# Drill Pressing Problems



## Seldonman (Jul 30, 2013)

My Father-in-Law just gave me a 30 year old 15.5 Inch Craftsman Drill Press, Model No. 113.24520. I was having a problem with what I believe to be gear lash but I am not sure. The quill moves easily about an inch and a half but then becomes very, tight and it takes a lot of force to move it. I took the quill out, cleaned it and replaced it but still the same problem. However, now I have another major problem, the spring came off of the pin and the complete hub came out. Is there any chance I can catch the pin with the spring again? Even if I do, I can not seem to solve the problem of the quill moving freely over only half of its travel. I have tried to adjust the eccentric bushing but it seems that it needs more adjustment than it can give. Also, once I tighten the set screw on the bushing it locks the quill up so it is difficult too move.

Any thoughts, suggestions, comments, get a new drill press, etc. 

Thanks for any help anyone can give me.

Jim M.


----------



## Cherryville Chuck (Sep 28, 2010)

I'm not familiar with but I found a site that claims to have a manual for it. Craftsman sears 15" 1/2 Heavy Duty Drill Press 113.24520 Manual 0193 Support, Problems, Solutions & Manuals


----------



## MartinW (Jun 26, 2013)

Jim,

each drill press usually has a gear and a matching gear rod for height adjustment - usually the gear connected to a lever in some way.

Your issue sounds to me, as if one of the teeth - either of the gear itself, or the gear rod were jamming. There could either be debris in the room between the teeth, or one of the teeth distorted. If it's just debris, cleaning usually helps - for a distorted tooth a replacement of the gear/gear rod might be necessary.
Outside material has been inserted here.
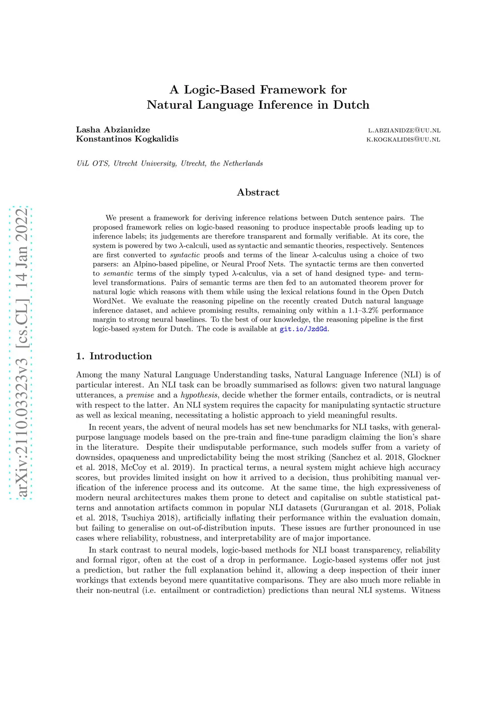 We present a framework for deriving inference relations between Dutch sentence pairs. The proposed framework relies on logic-based reasoning to produce inspectable proofs leading up to inference labels; its judgements are therefore transparent and formally verifiable. At its core, the system is powered by two -calculi, used as syntactic and semantic theories, respectively. Sentences are first converted to syntactic proofs and terms of the linear -calculus using a choice of two parsers: an Alpino-based pipeline, and Neural Proof Nets. The syntactic terms are then converted to semantic terms of the simply typed -calculus, via a set of hand designed type- and term-level transformations. Pairs of semantic terms are then fed to an automated theorem prover for natural logic which reasons with them while using the lexical relations found in the Open Dutch WordNet. We evaluate the reasoning pipeline on the recently created Dutch natural language inference dataset, and achieve promising results, remaining only within a performance margin to strong neural baselines. To the best of our knowledge, the reasoning pipeline is the first logic-based system for Dutch.

If it's just to replace such easy things, which might even be able to get as original manufacturers replacement, I find it's worth it. The quality of those old tools - especially those who survived the decades - is quite often impressive. I do own a "small", old bandsaw myself now - about one ton of cast iron, around 100yrs old.... - amazing to work with....

Kind Regards,
Martin​


----------



## greenacres2 (Dec 23, 2011)

Is there any chance the depth stop is set to that limit? At least once someone working in my shop was nearly ready to haul his DP to the curb since the quill suddenly had a short travel. Then he realized that he'd previously been boring holes with a depth stop set. Not saying who that was...just saying. 

Good luck.

earl


----------



## senebraskaee (Apr 29, 2012)

*Manual May Help*

I posted the manual for this drill press at:

http://www.routerforums.com/craftsman-manuals/40975-craftsman-manual-315-17430-a.html

Not sure this will actually link but you can cut and paste (not sure how to make a link work here)
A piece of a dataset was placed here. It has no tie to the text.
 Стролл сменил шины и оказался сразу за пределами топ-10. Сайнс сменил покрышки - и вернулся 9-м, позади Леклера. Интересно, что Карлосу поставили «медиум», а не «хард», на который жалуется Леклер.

Had a similar problem. Look at the manual and note the housing the quill feeds through has opposing set screws so you counteract the closing set screws with another to make the size of the hole exactly what is needed. These casting have a history of warping over time, Sears actually replaced mine within the warranty many years ago for warp problems, and you may have to set it a little loose at the top to get full travel. Not elegant but it works.
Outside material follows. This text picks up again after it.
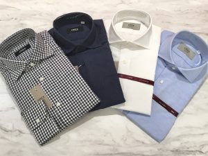 襟型はホリゾンタル・ボタンダウンの2種類ご用意しております。

Amen on the depth stop comment, even though it is highly visible on these DP's, have done this myself!


----------



## Quillman (Aug 16, 2010)

Fun to sleuth out the problem; you learn stuff.
But will you be able to resurrect? I think it's a pile.
Definitely get a working press, new or used.


----------



## Dmeadows (Jun 28, 2011)

senebraskaee said:


> I posted the manual for this drill press at:
> 
> http://www.routerforums.com/craftsman-manuals/40975-craftsman-manual-315-17430-a.html
> 
> ...


Link works... however to a router manual , not a drill press!


----------



## Seldonman (Jul 30, 2013)

*Thanks All*

Stay tuned to the adventures of Seldonman as he attempts to resurrect this old Craftsman drill. I appreciate all the comments and, if possible, will let you know the outcome. At this time I have high, high hopes like the old song but we will see. My biggest hurdle will be getting the spring over the pin. At least I am cleaning everything up and making it shinny and pretty!


----------



## Seldonman (Jul 30, 2013)

*Problem Solved*

I have solved the problem of the sticking drill press. The problem was between the eccentric bushing and the gear tooth on the drill hub assembly or wheel. It just dawned on me that when I tightened the set screw the whole hub/wheel locked up. That was not the end of the saga however because the spring that held the hub in came off of its roll pin. That was actually a blessing as I could now get to the bushing. I tried to pull it off but it was stuck fast so for fun I thought I would give it a shot of WD-40. Well, within ten seconds that hub was spinning inside that bushing like a top! Now all I had to do was get the spring end back over the roll pin. Do not ask me how I did that; all I know is that I was praying that it would slip on and somehow it did! The drill works like new now.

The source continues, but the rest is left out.